The next document to call itself a maritime strategy was the 2007 Cooperative Strategy for 21st Century Seapower. It remains in force to this day. Its framers widened their aperture still further, enfolding all of the sea services within a single statement of purposes and power. The 2007 Maritime Strategy, that is, governs not just the U.S. Navy but the Marine Corps, the nation’s legion of sea soldiers, and the Coast Guard, its peacetime law-enforcement service and adjunct wartime navy. Their handiwork represented the first genuinely maritime strategy in U.S. history.
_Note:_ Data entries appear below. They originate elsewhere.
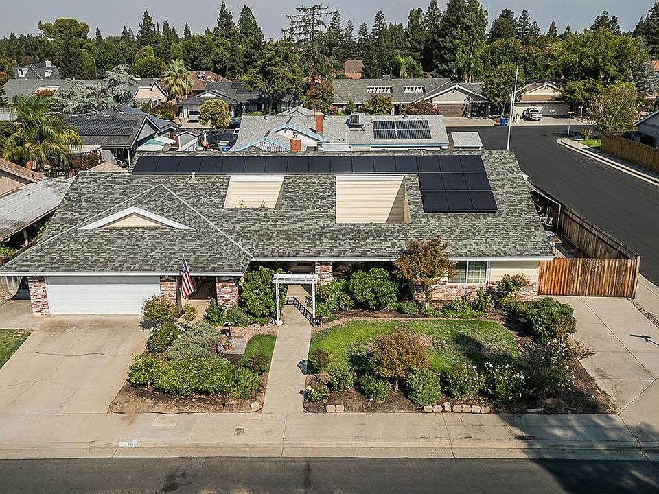 This well-maintained corner lot offers 2,210 sq ft of living space on a generous 9,000 sq ft lot. Featuring 4 bedrooms and 2 bathrooms, the home was tastefully updated between 2020-2021 throughout the home. The primary suite has been expanded for comfort (you must see it!), and two spacious living areas provide plenty of room for entertaining or relaxing. Flooring includes laminate, carpet, and pebble stone flooring. Custom-designed ceilings adds a touch of character throughout the home.The backyard is built for enjoyment with a 6 ft deep Pebble Tec pool, two covered patios, and a 7 ft fence installed just two years ago for added privacy. This property also includes 31 solar panels (loan approx. $238/month), RV capability, and negotiable items such as a 10x20 shop, fridge, washer, dryer, and movable carport. Seller carry is a possible option with a large down payment, making this a versatile opportunity. Virtual tour link is added, please request if you can't find it.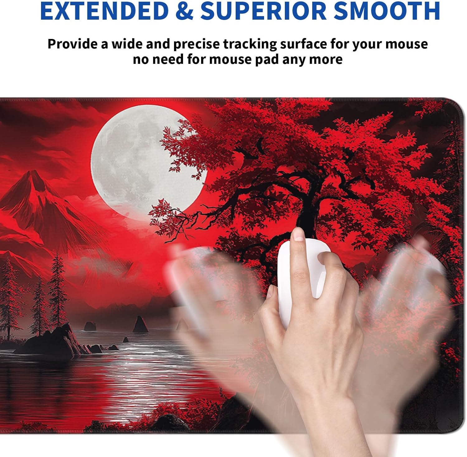 - ♥[Large and Perfect Size]:The extended Darkness Red Moon desk pad measures 31.5x11.8x0.12 inches that covers most of the desk.The desk pad is large enough to have a mouse, gaming keyboard, and other desk items while maintaining protecting your desk all the time.You can freely move your mouse without any interruption and don't have to continually adjust the mat as you do with traditional mousepads.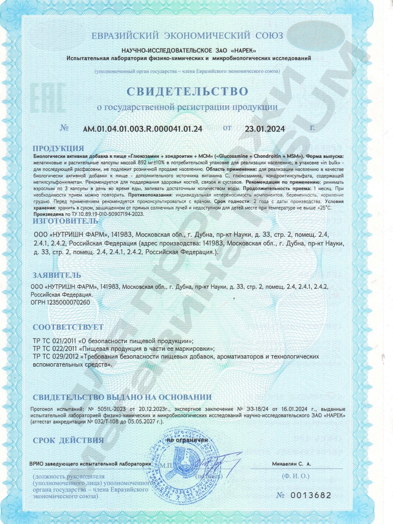 | Основной ингредиент | MCM / глюкозамин / хондроитин |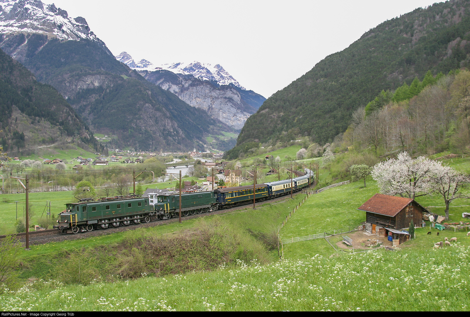 Charter train with wonderful vintage cars of the "Pullman Orient-Express" (CIWLT, International car company) from France, on the Gotthard line. Pulling are two former SBB Gotthard locomotives, now both in private hands: Ae 4/7 # 10997, built 1933 and based in Mendrisio (Club San Gottardo) and # 11026, built in 1934 and based in Brugg AG (Association Mikado 1244). The train had 7 Pullman parlor cars "WSP" and dining cars of the SNCF, and in front the dining car WR # 2749, which is now with steam group Zürich. The Ae 4/7 # 10997 is owned by Swisstrain nowadays in Payerne. The train from Winterthur via Zürich-Othmarsingen-Wohlen-Arth Goldau to Bellinzona-Lugano and Mendrisio, just started the ascent from Erstfeld over the Gotthard north ramp towards Amsteg-Silenen.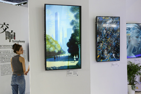 人工智能的發(fā)展,與知識(shí)產(chǎn)權(quán)發(fā)生著緊密的關(guān)系。圖為今年上海舉行的世界人工智能大會(huì)中主題為“交響”的AIGC藝術(shù)展。資料照片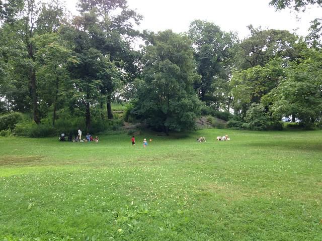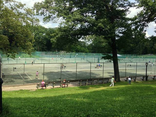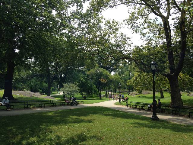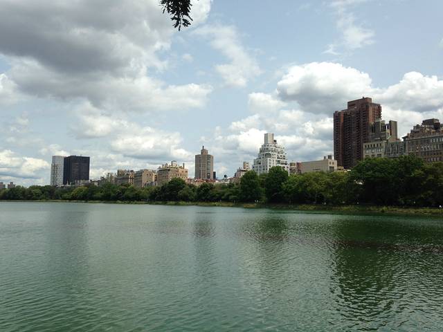 纽约给人感觉是脏——乱——差,几年前去的旧金山也是这种感觉,美国人自己也认为纽约和旧金山是最不像美国的两个城市。坐上red line发现坐错了,应该坐blue line会离中央公园更近,不过红线也到96 Street,只是会多走几个街区,就当欣赏上城区(富人区)的街景吧! 很快我们到达中央公园(Central Park),该公园号称纽约"后花园",坐落在纽约曼哈顿岛的中央,被誉为"纽约之肺",是一块完全人造的自然景观,内设有草地,小森林,庭院,溜冰场,小动物园,网球场等。这个公园很大,绿化面积也很多,有独立的、专用的自行车道和步行道。我们在游览过程中,还看到一个很大的网球场地,每个网球场都有人在打球,往前走过桥有一个很大的lake,沿湖有不少人在跑步,在这儿能看到很多瘦美国人,富人区就是不一样呀!里面还设有好几个儿童游乐区,孩子们在其中一个玩了一会,体验下美国儿童游玩设施,公园太大,我们只走了一部分。
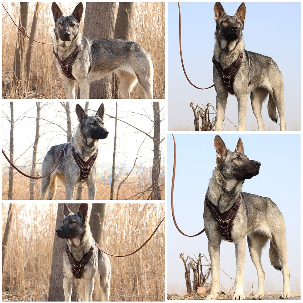 Strong Genuine Leather Dog Harness Adjustable for Large Breeds Pitbull Mastiff

And yet. The 2007 strategy still isn’t a maritime strategy in that all-consuming Chinese sense. Think about it. These days tactical warplanes sporting anti-ship missiles and flying from airfields ashore can punish warships cruising hundreds of miles offshore. Bombers can join the fray once armed with anti-ship weaponry. Reconnaissance planes find and target enemy task forces. Land-based ballistic and cruise missiles can reach out scores or hundreds of miles as well. The People’s Liberation Army’s “counter-intervention,” a.k.a. anti-access, strategy acknowledges the potential of land-based sea power, putting not-strictly-naval capabilities to artful use.
By contrast, the U.S. Air Force and Army remain conspicuously absent from U.S. maritime strategy. It’s commonplace to point out, for example, that the Pentagon’s AirSea Battle doctrine isn’t a strategy but an operational concept. Indubitably. So why not bring the heirs of Billy Mitchell into maritime strategy, rather than attenuate and fragment U.S. effort at sea? Let’s hear how the air force will contribute to U.S. and allied success in the nautical milieu. Heck, why not get the air-force chief of staff to co-sign the document alongside the navy, marine, and coast-guard chiefs?
Same goes for the U.S. Army. The army has a long tradition in Pacific strategy. It strove — without success, alas — to defend the Philippines, Guam, and Hawaii in the early 20th century. Soldiers waged amphibious warfare against Japan in the 1940s alongside marines, seamen, and airmen. General Douglas MacArthur masterminded the island-hopping strategy that Japanese Prime Minister Hideki Tōjō called one of three decisive factors in the Pacific War. That’s a saltwater legacy worth rediscovering. Why not put army units to work, say, guarding the Ryukyu Islands and the straits between? Let’s help control the sea from shore.
In short, sea-service potentates should widen their gaze yet again, bringing non-naval assets into maritime strategy. Hoist a big tent!